ASML Holding N.V. has lifted its 2026 revenue outlook to €36‑40 billion after a first‑quarter performance that surpassed expectations. The Dutch lithography titan posted net sales of €8.8 billion and a gross margin of 53 % on April 15, 2026, a figure that has been confirmed by several market‑data outlets.

The company’s stock was trading near $1,612.76 on May 29, 2026, with a trailing P/E of 53.68 and a forward P/E of 44.44, according to Yahoo Finance. As of January 2026, ASML’s market capitalization hovered around $527 billion, making it the largest technology firm in Europe.

ASML’s core business revolves around designing, building, and servicing photolithography systems that enable semiconductor fabs to produce integrated circuits. It remains the sole supplier of extreme ultraviolet (EUV) machines, the workhorses for the most advanced nodes such as 5 nm and 3 nm. In Q1 2026, 51 % of system sales came from memory‑related orders—a shift the company’s management dubbed a “perfect storm.” The higher revenue guidance stems from three independent growth drivers: advanced logic production, accelerated EUV adoption in DRAM manufacturing, and a growing installed‑base upgrade cycle. Management also noted that resolving immersion lithography supply constraints has improved its ability to meet customer demand.

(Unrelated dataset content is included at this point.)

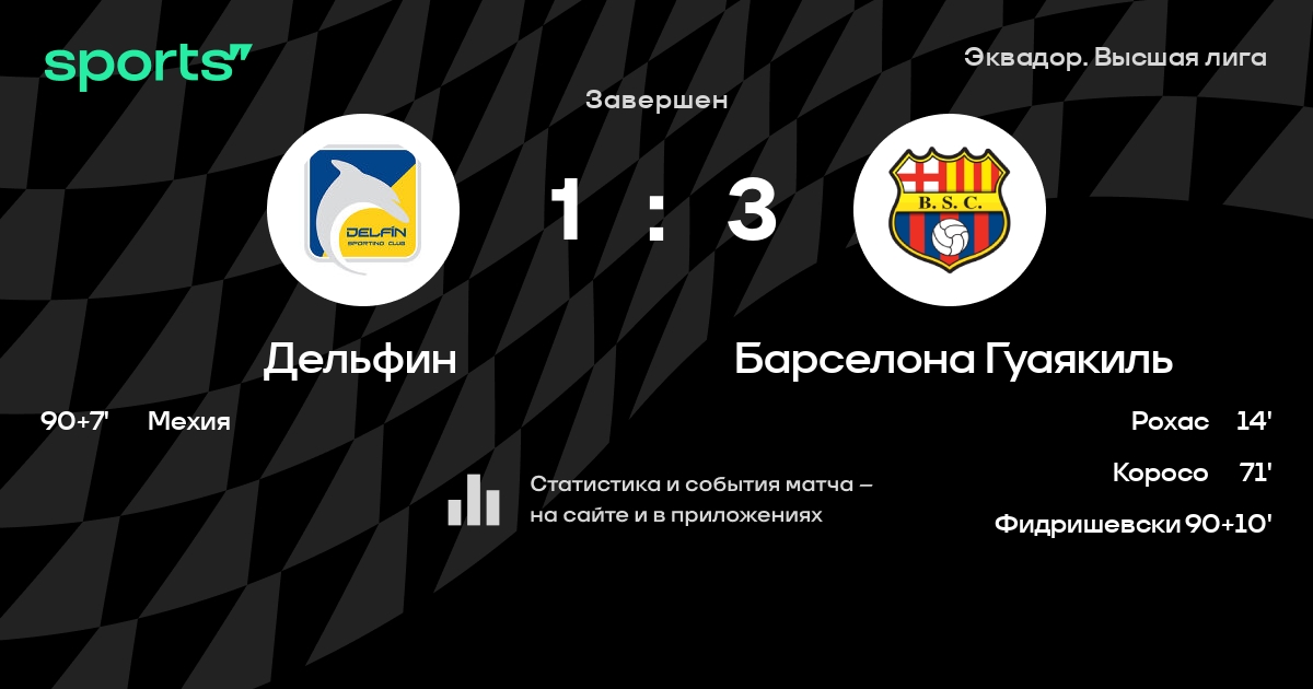 Дельфин – Барселона Гуаякиль: Барселона Гуаякиль забивает в 9 из 11 последних матчей против этого соперника

Installed Base Management (IBM), ASML’s software and services segment, grew 24 % to €2.5 billion in the quarter, reinforcing the firm’s recurring revenue stream. The high‑margin upgrades and service contracts helped the company achieve a 53 % gross margin, which sits above the 51‑52 % margin guidance for the second quarter.

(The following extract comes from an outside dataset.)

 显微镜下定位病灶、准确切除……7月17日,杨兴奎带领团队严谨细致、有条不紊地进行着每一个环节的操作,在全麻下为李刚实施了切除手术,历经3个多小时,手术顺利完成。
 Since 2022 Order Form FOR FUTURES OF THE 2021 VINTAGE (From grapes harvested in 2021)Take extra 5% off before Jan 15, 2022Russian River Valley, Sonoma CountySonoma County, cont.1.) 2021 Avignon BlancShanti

CEO Peter Wennink confirmed that ASML expects to ship 56 Low‑NA EUV scanners in 2027 and is targeting 80 systems in 2028. The company also hinted that its long‑term revenue framework may be conservative, suggesting that fiscal 2027 revenue could reach €42‑48 billion.

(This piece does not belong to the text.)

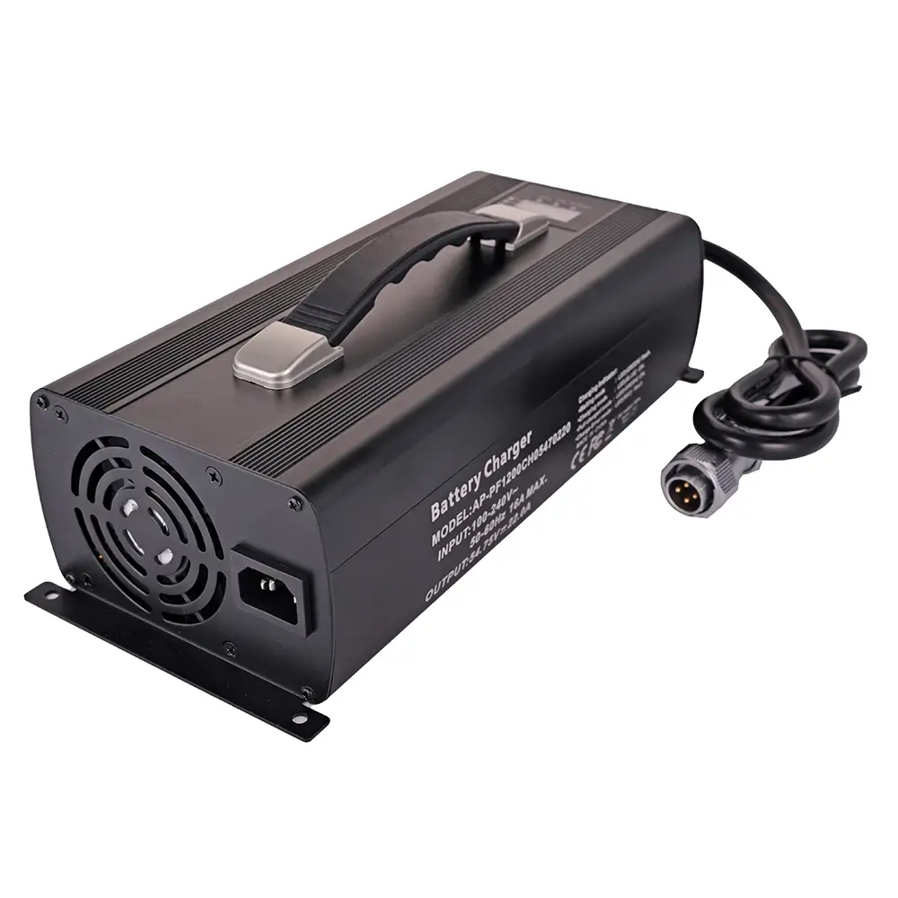 1 kW charger with a nominal voltage of 72 V, featuring wide-range 100–240 VAC input and multiple output options. It delivers a power factor of 0.99, low THD, and IP65 level protection. It is enclosed in in a compact design with multiple built-in protection functions. Optional CAN or RS485 communication is supported.

The AI boom has spurred demand for advanced chips, and ASML’s customers—Samsung, TSMC, Intel, and others—have been expanding fab capacity. The company’s EUV machines are critical for both logic and memory fabs, and the simultaneous rise in capacity needs and EUV layer adoption in DRAM has created a robust order book.

Despite the positive earnings, the market reacted to margin concerns, causing the stock to fall roughly 5 % after the earnings announcement. Analysts noted that the company’s margin guidance for Q2 2026 remains in the 51‑52 % range.

ASML’s next earnings call is scheduled for July 15, 2026, at 9:00 AM ET. Investors will be watching for updates on EUV capacity, order book status, and the impact of geopolitical factors such as export controls on China.

In summary, ASML’s Q1 2026 results and revised guidance underscore the company’s strong position at the center of the AI‑driven semiconductor buildout. The firm’s monopoly in EUV, growing software revenue, and expanding customer investment across logic and memory markets suggest that its long‑term revenue trajectory may exceed current expectations. The company remains under scrutiny for potential supply constraints and geopolitical risks, but its current financial performance and guidance indicate a continued upward trend in revenue and profitability.